Main opposition New Democracy (ND) party on Monday charged that munitions produced by a plant run by a shadowy Athens-based businessman, at the center of an abandoned defense contract involving Saudi Arabia, wound up with the ISIS terrorists.
Main opposition New Democracy (ND) party on Monday charged that munitions produced by a plant run by a shadowy Athens-based businessman, at the center of an abandoned defense contract involving Saudi Arabia, wound up with the ISIS terrorists.
A ND spokeswoman said Vassilis Papadopoulos is listed in an EU monitoring system for possible weapons smuggling, and specifically as a manufacturer of munitions detected in the former ISIS stronghold of Raqqa.
Maria Spyraki charged that ammunition found in the devastated Syrian city was manufactured in a northern Greece plant, near the town of Axioupolis in Kilkis prefecture, one owned by Papadopoulos. The EU document mentioning Papadopoulos was dated July 2014, she claimed.

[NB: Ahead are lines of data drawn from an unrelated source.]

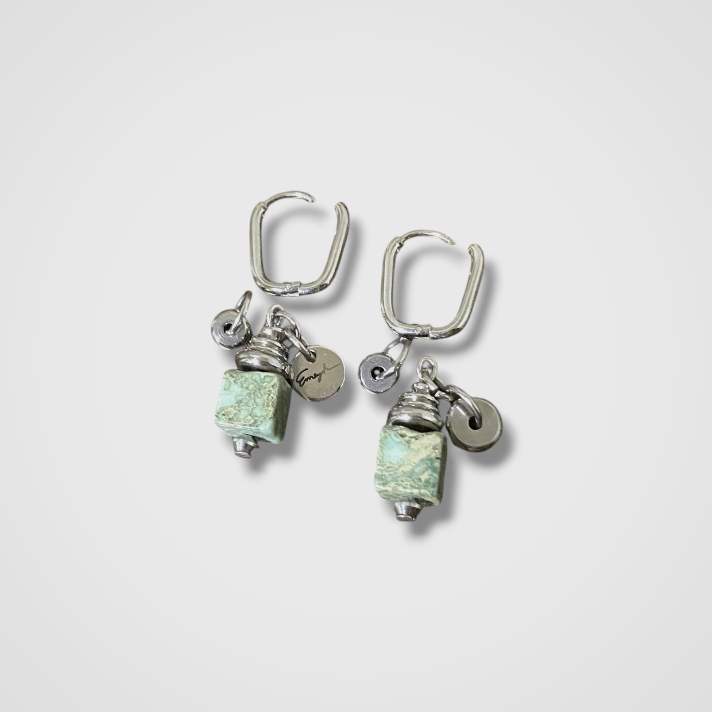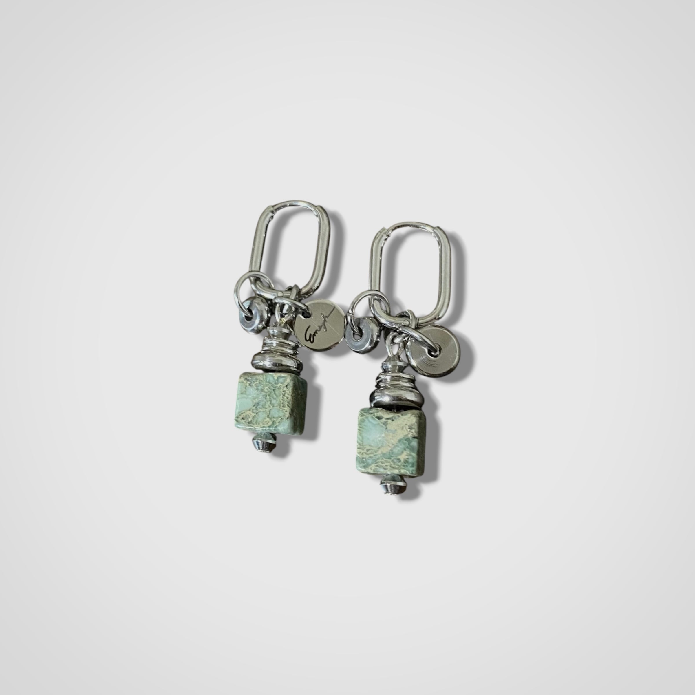 【01126043】[全5種類]stone cube pierce /セサミジャスパー/水色/ジャスパーピアス/天然石ピアス/揺れるピアス
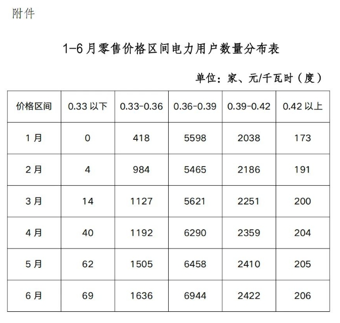 附件:1-6月零售價格區(qū)間電力用戶數(shù)量分布表
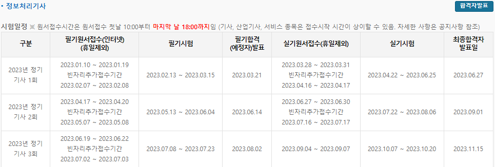 보통 1년에 3회 시험을 치룹니다. 저는 기사를 처음보는거라 몰랐는데 저 시험 일정 안에 원하는 날짜를 선택해서 시험을 보면 되더라구요. 시험 끝자락에 해당하는 날짜일수록 경쟁이 치열하니 접수를 빨리해야합니다 예를들어 제가 본 3회차는 제가 들어간 순간 22, 23일은 거의 마감이었습니다.

Papadopoulos was at the center of the opposition’s criticism of an ill-fated deal to sell Saudi Arabia 66 million euros of surplus munitions, and possibly ordnance for fighter planes. ND and other parties blamed embattled Defense Minister Panos Kammenos for attempting to use a middleman or broker in a weapons contract with another country, something illegal under Greek law since 2011.